Recorded data.
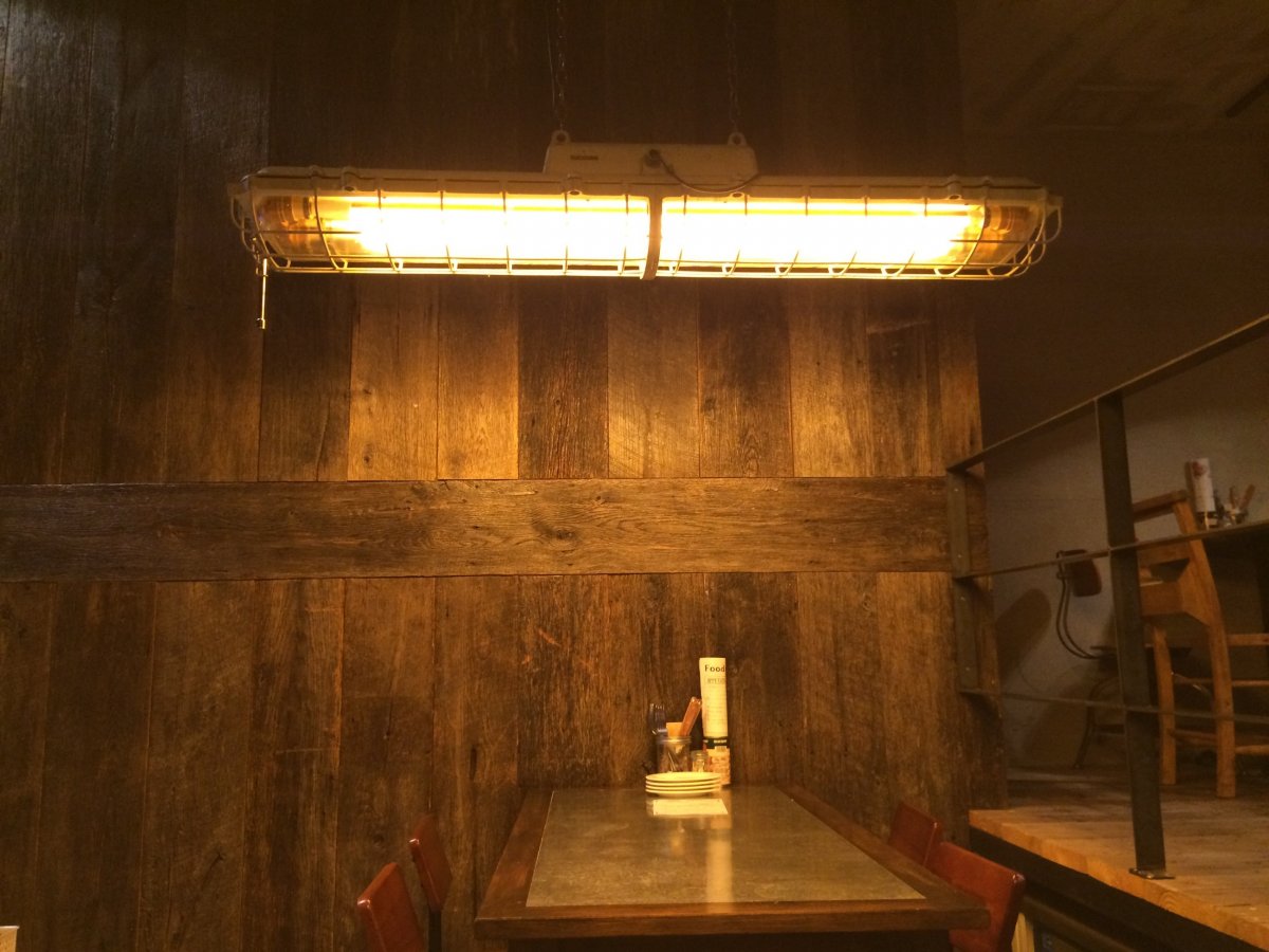 一番奥には小上り席、ここの床材は ユーズドプレーン ( 古材足場板 )35㎜厚!
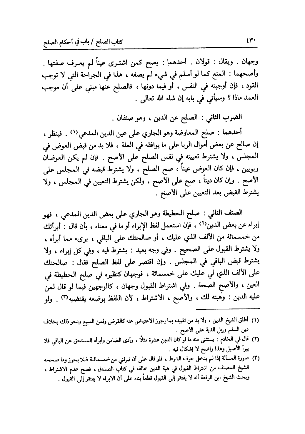 وجهان. ويقال: قولان. أحدهما: يصح كمن اشترى عينا لم يعرف صفتها. وأصحهما: المنع كما لو أسلم في شئ لم يصفه، هذا في الجراحة التي لا توجب القود، فإن أوجبته في النفس، أو فيما دونها، فالصلح عنها مبني على أن موجب العمد ماذا ؟ وسيأتي في بابه إن شاء الله تعالى. الضرب الثاني: الصلح عن الدين، وهو صنفان. أحدهما: صلح المعاوضة وهو الجاري على عين الدين المدعى. فينظر، إن صالح عن بعض أموال الربا على ما يوافقه في العلة، فلا بد من قبض العوض في المجلس، ولا يشترط تعيينه في نفس الصلح على الاصح. فإن لم يكن العوضان ربويين، فإن كان العوض عينا، صح الصلح، ولا يشترط قبضه في المجلس على الاصح. وإن كان دينا، صح على الاصح، ولكن يشترط التعيين في المجلس، ولا يشترط القبض بعد التعيين على الاصح. الصنف الثاني: صلح الحطيط وهو الجاري على بعض الدين المدعى، فهو إبراء عن بعض الدين، فإن استعمال لفظ الابراء أو ما في معناه، بأن قال: أبرأتك من خمسمائة من الالف الذي عليك، أو صالحتك على الباقي، برئ مما أبرأه، ولا يشترط القبول على الصحيح. وفي وجه بعيد: يشترط فيه، وفي كل إبراء، ولا يشترط قبض الباقي في المجلس. وإن اقتصر على لفظ الصلح فقال: صالحتك على الالف الذي لي عليك على خمسمائة، فوجهان كنظيره في صلح الحطيطة في العين، والاصح الصحة. وفي اشتراط القبول وجهان، كالوجهين فيما لو قال لمن عليه الدين: وهبته لك. والاصح، الاشتراط، لان اللفظ بوضعه يقتضيه. ولو
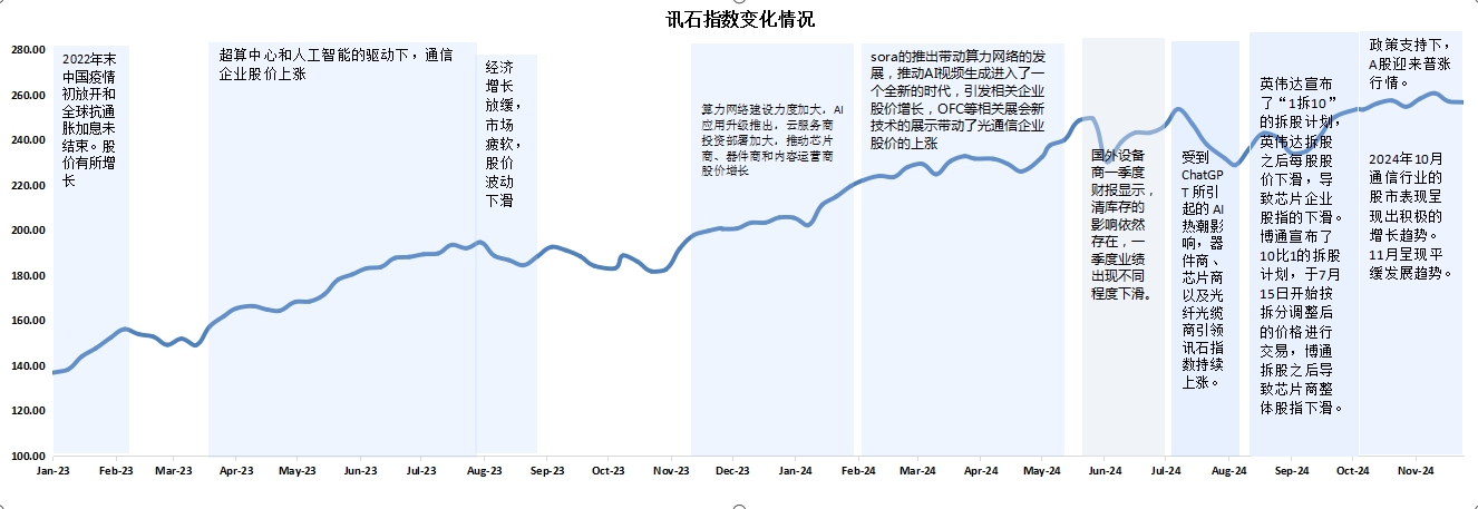 ICC訊 2024年11月通信行業(yè)的股市表現(xiàn)呈現(xiàn)平緩趨勢。截止到11月29日,訊石統(tǒng)計的指數(shù)值為256.73,比上月的257.49下滑0.76,11月市場整體呈現(xiàn)平緩趨勢,略微下滑。11月美國大選落定,美國主要股指創(chuàng)下新高,主要科技股都在大漲。運營商發(fā)力智算,云廠商加大算力投入,算力賽道蓬勃發(fā)展,整體通信信業(yè)平穩(wěn)運行。盡管整體股市表現(xiàn)平緩,但通信行業(yè)的細分領域卻呈現(xiàn)出不同發(fā)展趨勢。

Assigned task. Restate every line of the data above word for word, with the images removed.

Solved problem.
 一番奥には小上り席、ここの床材は ユーズドプレーン ( 古材足場板 )35㎜厚!
 وجهان. ويقال: قولان. أحدهما: يصح كمن اشترى عينا لم يعرف صفتها. وأصحهما: المنع كما لو أسلم في شئ لم يصفه، هذا في الجراحة التي لا توجب القود، فإن أوجبته في النفس، أو فيما دونها، فالصلح عنها مبني على أن موجب العمد ماذا ؟ وسيأتي في بابه إن شاء الله تعالى. الضرب الثاني: الصلح عن الدين، وهو صنفان. أحدهما: صلح المعاوضة وهو الجاري على عين الدين المدعى. فينظر، إن صالح عن بعض أموال الربا على ما يوافقه في العلة، فلا بد من قبض العوض في المجلس، ولا يشترط تعيينه في نفس الصلح على الاصح. فإن لم يكن العوضان ربويين، فإن كان العوض عينا، صح الصلح، ولا يشترط قبضه في المجلس على الاصح. وإن كان دينا، صح على الاصح، ولكن يشترط التعيين في المجلس، ولا يشترط القبض بعد التعيين على الاصح. الصنف الثاني: صلح الحطيط وهو الجاري على بعض الدين المدعى، فهو إبراء عن بعض الدين، فإن استعمال لفظ الابراء أو ما في معناه، بأن قال: أبرأتك من خمسمائة من الالف الذي عليك، أو صالحتك على الباقي، برئ مما أبرأه، ولا يشترط القبول على الصحيح. وفي وجه بعيد: يشترط فيه، وفي كل إبراء، ولا يشترط قبض الباقي في المجلس. وإن اقتصر على لفظ الصلح فقال: صالحتك على الالف الذي لي عليك على خمسمائة، فوجهان كنظيره في صلح الحطيطة في العين، والاصح الصحة. وفي اشتراط القبول وجهان، كالوجهين فيما لو قال لمن عليه الدين: وهبته لك. والاصح، الاشتراط، لان اللفظ بوضعه يقتضيه. ولو
 ICC訊 2024年11月通信行業(yè)的股市表現(xiàn)呈現(xiàn)平緩趨勢。截止到11月29日,訊石統(tǒng)計的指數(shù)值為256.73,比上月的257.49下滑0.76,11月市場整體呈現(xiàn)平緩趨勢,略微下滑。11月美國大選落定,美國主要股指創(chuàng)下新高,主要科技股都在大漲。運營商發(fā)力智算,云廠商加大算力投入,算力賽道蓬勃發(fā)展,整體通信信業(yè)平穩(wěn)運行。盡管整體股市表現(xiàn)平緩,但通信行業(yè)的細分領域卻呈現(xiàn)出不同發(fā)展趨勢。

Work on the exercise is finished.